The maximum absorption wavelength (lambda) of chromophores H1-H4 in the film max ) 773nm, 759nm and 755nm, respectively, unlike in solution. This phenomenon suggests that there may be different interactions between chromophores composed of different separating groups and polymers.
(2) Energy level calculation
The charge transfer interactions within the chromophore can be calculated by the energy gap difference between the HOMO-LUMO molecular orbitals. To further analyze the composition of HOMO-LUMO and the deep information of the leading-edge orbits, the inventors run a multiswn program using Ros-Schuis (SCPA) partitioning and DFT computation;
chromophores are divided into three parts: donor, pi-bridge and acceptor, and calculate the percentage contribution: for the four chromophores H1-H4, HOMO is predominantly stabilised by the contributions of the donor (42.90% -45.38%) and pi-bridge (32.15-33.73%), while LUMO is predominantly stabilised by the contributions of the acceptor (42.48% -44.02%) and pi-bridge (40.65% -40.95%).

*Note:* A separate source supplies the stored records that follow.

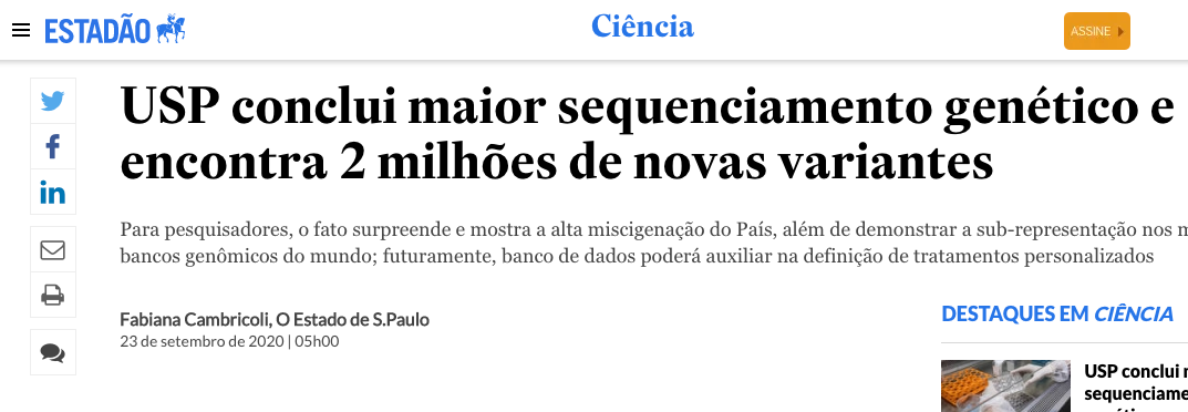 Enquanto isso, o Estadão reportou que uma pesquisa da USP com o maior sequenciamento genético já feito no país encontrou dois milhões de variantes, o que surpreendeu os cientistas.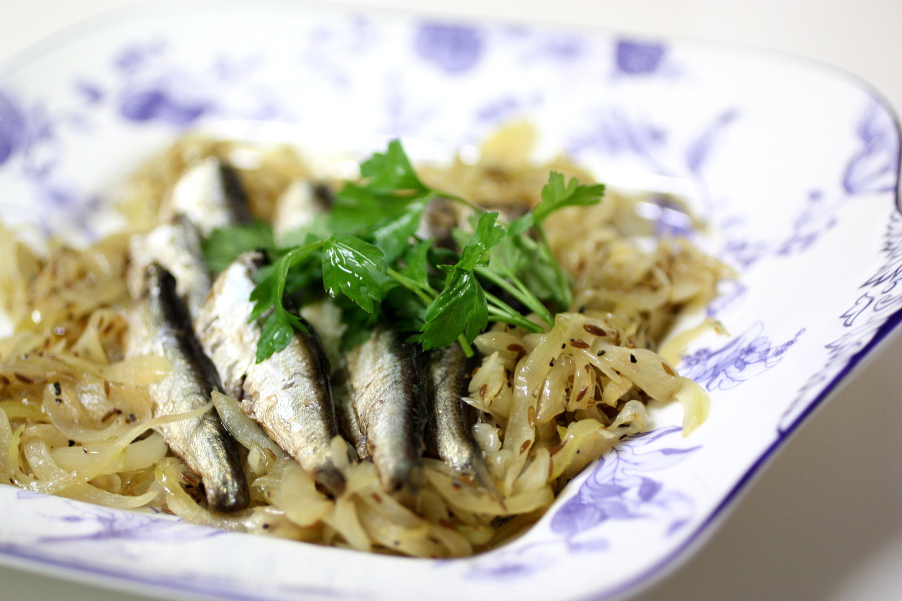 クミンシードは、キャベツと合わせることが多いけれど、玉ねぎとも好相性。 オイルサーディンは、缶のまま湯煎にして温めただけ。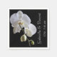 La jolie Orchidée blanche sur papier Mariage noir serviettes ajoutera une touche élégante à votre douche nuptiale ou réception de mariage. Ces élégantes serviettes jetables de mariage botanique personnalisées présentent une photographie florale de fleurs d'orchidées phalaenopsis blanches sur la tige avec un arrière - plan noir.
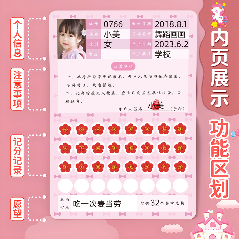 好习惯心愿存折奖励孩子的积分卡阅读存折儿童奖励卡集章卡小红花盖章收集赞本幼儿园记录卡读书小学生激励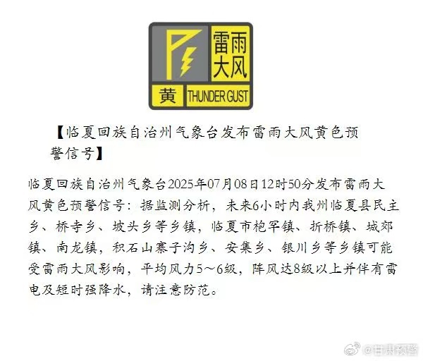 临夏回族自治州气象台发布雷雨大风黄色预警信号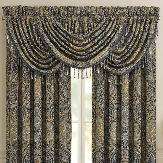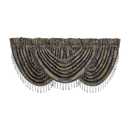 Create a custom look on your window with this elegant waterfall valance by Five Queens Court. The Palmer window valance is made of the same luxurious woven damask fabric as the Palmer window panels. They are trimmed with a crystal tassel fringe and rod pocket construction allows for easy hassle-free setup. In order to achieve the look in the photo, we suggest using three valances.

DFT calculations were used to calculate the HOMO-LUMO energy gap (ΔE), see FIG. 11, for the ΔE of chromophores H1-H4 of 1.958eV,1.981eV,1.977eV and 1.938eV, respectively. These four chromophores have similar spacer groups attached to the electron bridge and donor, respectively. These chromophores all have similar conjugated structures, and it can be seen from the uv absorbance data that the substituted steric hindrance groups do not affect the conjugated structure.

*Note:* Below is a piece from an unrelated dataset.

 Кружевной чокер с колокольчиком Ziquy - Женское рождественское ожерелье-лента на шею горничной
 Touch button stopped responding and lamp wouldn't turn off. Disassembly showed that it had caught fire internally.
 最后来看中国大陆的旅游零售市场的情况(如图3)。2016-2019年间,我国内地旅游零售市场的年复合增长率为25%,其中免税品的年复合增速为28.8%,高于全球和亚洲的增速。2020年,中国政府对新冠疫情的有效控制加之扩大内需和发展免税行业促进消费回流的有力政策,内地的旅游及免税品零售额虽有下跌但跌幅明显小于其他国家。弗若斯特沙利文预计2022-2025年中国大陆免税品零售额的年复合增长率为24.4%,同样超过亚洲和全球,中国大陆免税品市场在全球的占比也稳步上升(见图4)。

(3) Electro-optic coefficient
The invention compares the conversion of microscopic hyperpolarizability of four chromophores with different isolated functional groups to macroscopic r 33 Efficiency of the values. First, chromophores are prepared into electro-optic films: the above chromophores were dissolved in re-evaporated 1, 2-trichloroethane, the dissolved chromophores solution was filtered through a 0.2mm PTFE filter, the filtered solution was spin-coated on an ITO glass substrate, and after removing the solvent, the synthetic film of the chromophores composite was heated overnight in vacuum at 50 ℃ to ensure removal of residual solvent. The contact polarization process is at the glass transition temperature of the electro-optic material(T g ) The above is carried out at a temperature of 5-10deg.C. The electro-optic coefficient r of the polarized film at 1310nm wavelength is calculated by adopting a Teng-Man simple reflection method 33 The method uses a thin ITO electrode with low reflectivity and good transparency to minimize multiple reflections. As previously mentioned, controlling the geometry and delocalization of molecules by introducing sterically isolating groups in the chromophore may be an effective method of minimizing interactions between chromophores, and therefore these methods may have significant advantages, and may best convert the β value to r 33 Values, thereby increasing macroscopic electro-optic activity.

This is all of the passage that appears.